After NSUs have properly been introduced, they may be used for error correction. When a learner mispronounces a vowel, the appropriate NSU may be used. For example, if a learner says “maintAHn” (/meyntɑ́n/), you can note that the vowel is /ey/ as in hey! I have even seen learners use NSUs for their own error correction. Through frequent review in our classes, they develop the vowel fluency to monitor their own pronunciation and recognize when their vowel production does not match their prediction. When you see learners stop, recite the NSU for a particular vowel, and then repeat the word with the correct vowel sound, learners are developing vowel fluency.

Learners young and old find NSUs fun, and they are far more memorable and meaningful than a list of “key” or “chart” words. NSUs are easy to introduce in the classroom or during tutoring sessions, and they do not have to be limited to pronunciation classes or lessons. If your goal is for your learners to acquire a full set of North American vowel sounds that they can distinguish in both listening and speaking, this may be a helpful model to promote their vowel fluency, strengthen their intelligibility, and use instruction time more effectively.

References

Celce-Murcia, M., Brinton, D., & Goodwin, J. M. (2010).Teaching pronunciation: A course book and reference guide. New York, NY: Cambridge University Press.

Cook, A. (2000). American accent training. Hauppauge, NY: Baron’s Educational Series.

Dauer, R. M. (1993). Accurate English: A complete course in pronunciation. Englewood Cliffs, NJ: Regents/Prentice Hall.

Hagen, S. A., & Grogan, P. E. (1992). Sound advantage: A pronunciation book. Englewood Cliffs, NJ: Prentice-Hall.

Handschuh, J., & Simounet de Geigel, A. S. (1985). Improving oral communication. Englewood Cliffs, NJ: Prentice-Hall.

Jenkins, J. (2000). The phonology of English as an international language: New models, new norms, new goals. Oxford, England: Oxford University Press.

Jenner, B. (1989). Teaching pronunciation: The common core. Speak Out! 4, 2–4.

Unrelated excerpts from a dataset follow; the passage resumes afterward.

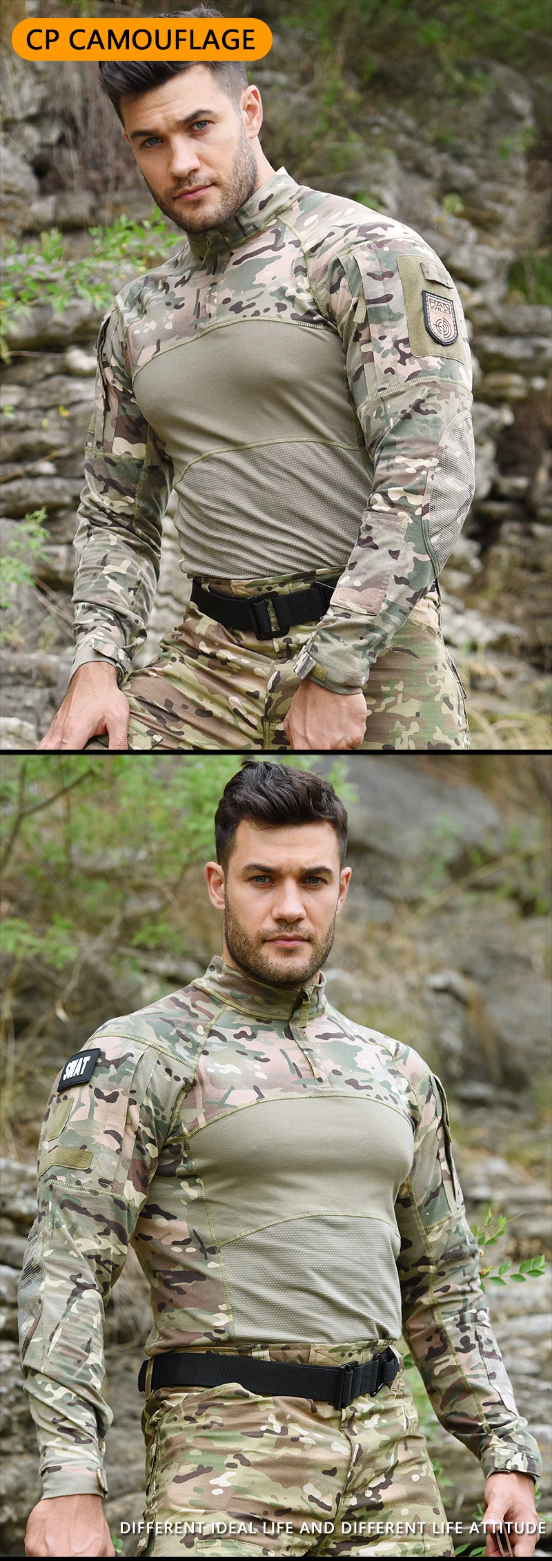 HAN WILD-camisas tácticas de algodón para hombre, ropa de escalada, camisa de combate elástica, ropa de Camping Softair de manga larga para senderismo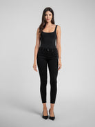 Ultra flattering and buttery soft, the skinny jean in Eternal Black will maintain its jet black color wash after wash. Fade resistant, this innovative European fabric holds its shape wear after wear. Made in Los Angeles with its popular mid-rise fit, this figure-flattering and leg-elongating silhouette contours perfectly to your body.
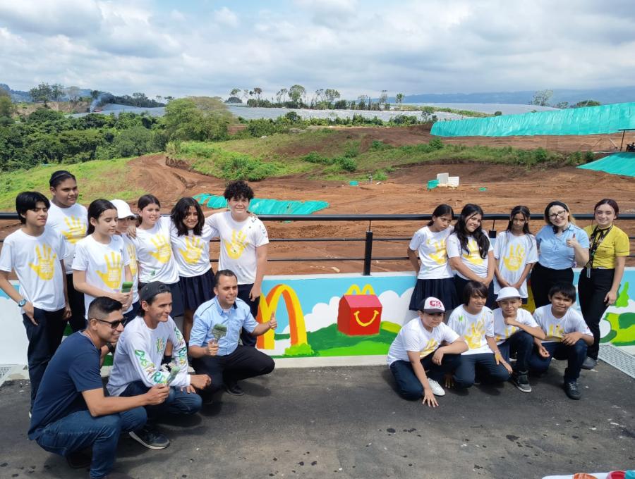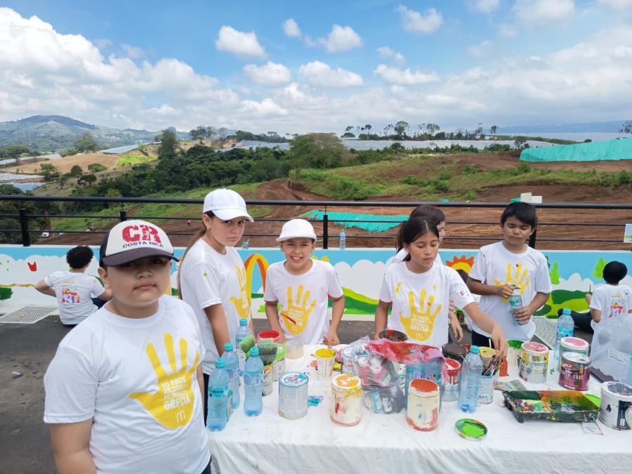 Quince estudiantes de quinto y sexto año de la escuela José Manuel Peralta, de la comunidad de Altos Peralta, fueron los encargados de pintar el mural del nuevo McDonald´s que se ubica en el cantón de Grecia.

Kaiser, D. (2014). Grunt and cheer: Teaching North American vowels through native speaker utterances. In The Conference Proceedings of MIDTESOL: Cultivating Best Practices in ESL, 2012 (pp. 133–149). Retrieved from http://midtesol.org/docs/MIDTESOL_Proceedings_2012.pdf

Lane, L. (2005). Focus on pronunciation: 3. White Plains, NY: Longman.

Prator, C. H., Jr., & Robinett, B. W. (1972). Manual of American English pronunciation. New York, NY: Holt, Rinehart and Winston.

Walker, R. (2010). Teaching the pronunciation of English as a lingua franca. Oxford, England: Oxford University Press.


DJ Kaiser, PhD, is an assistant professor and coordinator of TESL at Webster University, in St. Louis, Missouri. He has taught ESL at the University of Illinois, Parkland Community College, and Washington University in St. Louis and has also been a visiting professor at the University of Barcelona. He has presented on topics such as pronunciation, translation studies, ELT, and program development throughout the United States and in China, Mexico, Spain, Greece, the Netherlands, and soon Canada.